In keeping with ongoing efforts by me and my intrepid colleague S to force Market Day into the public consciousness, let me be the very first person this morning to wish you a very happy Market Day!
This holiday is currently officially celebrated by only two people--the aforementioned me and S--but you've probably been unconsciously celebrating it for years, or at least as long as you've spent the workday before Thanksgiving scribbling out grocery lists and bemoaning the need to stay in the office when you really should be out getting a jumpstart on Thanksgiving fun. Because, let's face it: Thanksgiving is the best holiday ever, as it is based on food, drink, family, friends, and football, with the most pressing issue not being oh my god what am I supposed to buy Aunt Myrtle for a gift this year but the much delicious-er question hmmm, should I bother with the token scrap of turkey this year or just go for the plate full of stuffing and mashed potatoes? Not that it's ever really a question, of course. Sleep well, turkeys! I do not want your meat! I just want the delicious juices that come out of your legs, thighs, and breast for gravy, lots and lots of gravy! Can you arrange that?
The downside to Thanksgiving is that it's just one day surrounded on either side by work, which leaves you scrambling after work to go shopping and cook stuff if you're a pre-preparer kind of person and crams an awful lot of holiday anticipation, celebration, and letdown into one 24-hour period. So S and I decided last year that the day before Thanksgiving should be an official holiday--it's not like anyone's concentrating in here that day anyhow--on which you're expected to go grocery shopping for Thursday, drink, and generally knock off early.
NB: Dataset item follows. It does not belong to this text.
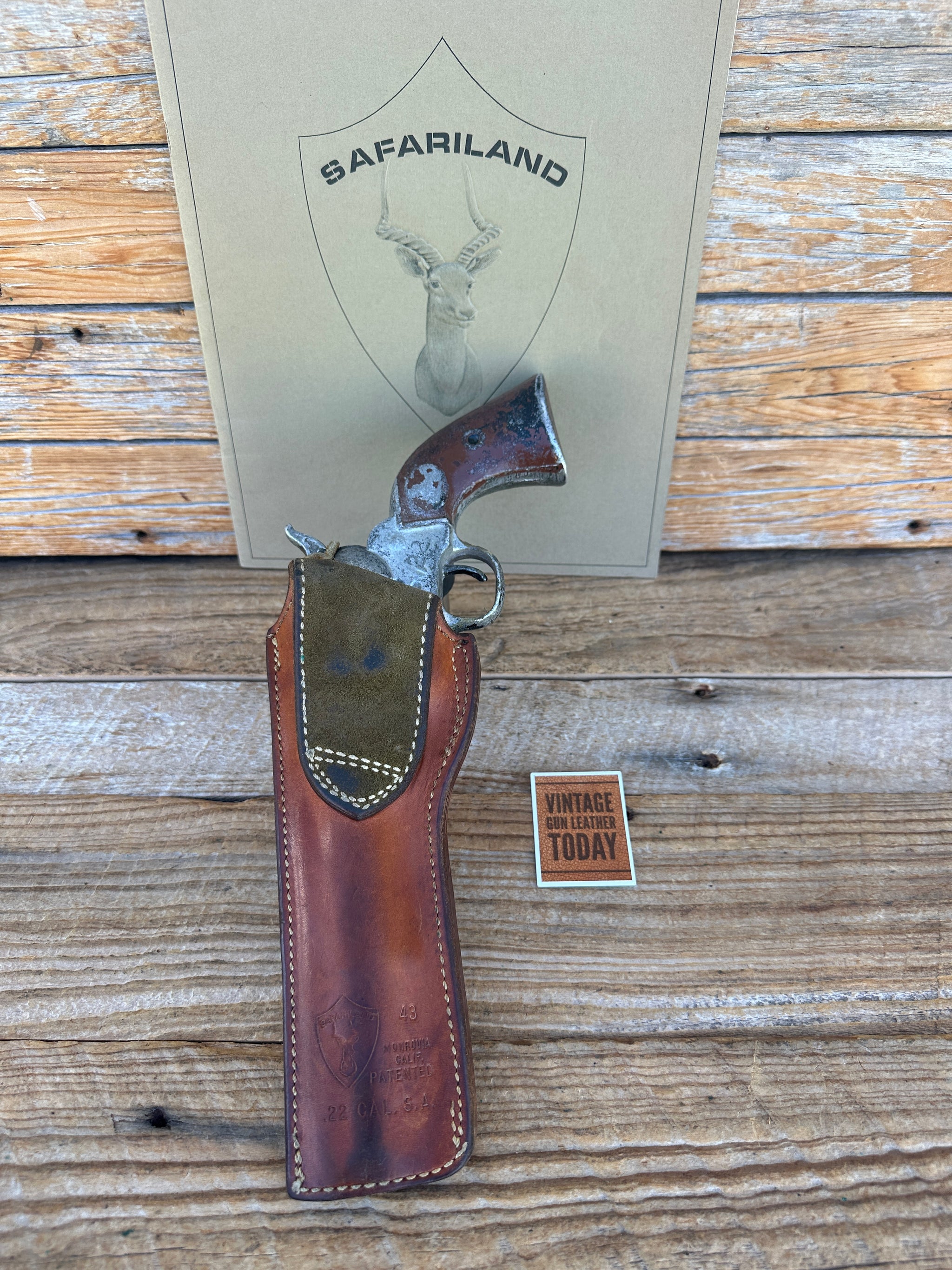 Vintage 1970's Safariland Model 43 Outfitter Holster. This is the early mid 1970's version. Holster has Safariland's Elk Suede lining and sight track. This early version has the rawhide hammer loop which was standard on the Model 42. This rawhide hammer loop was only on this model 43 for a few years. They later replaced it with a retention strap. Leather, stitching and hardware all in very nice condition. This is for a .22 Single Action Revolver up to 6"..

And so we shall call this holiday "Market Day," and there will be the requisite rejoicing.
The boss hasn't gone for it yet, so for a second straight year we're celebrating Market Day in the office--le sigh--with colored lights, coffee with "cream," if ye know what I mean, laddie, and I think ye do, and warm thoughts of the baked goods we would be enjoying if we'd gotten around to baking anything. The holiday season is off to a shotgun start! Happy yam shopping to you and yours!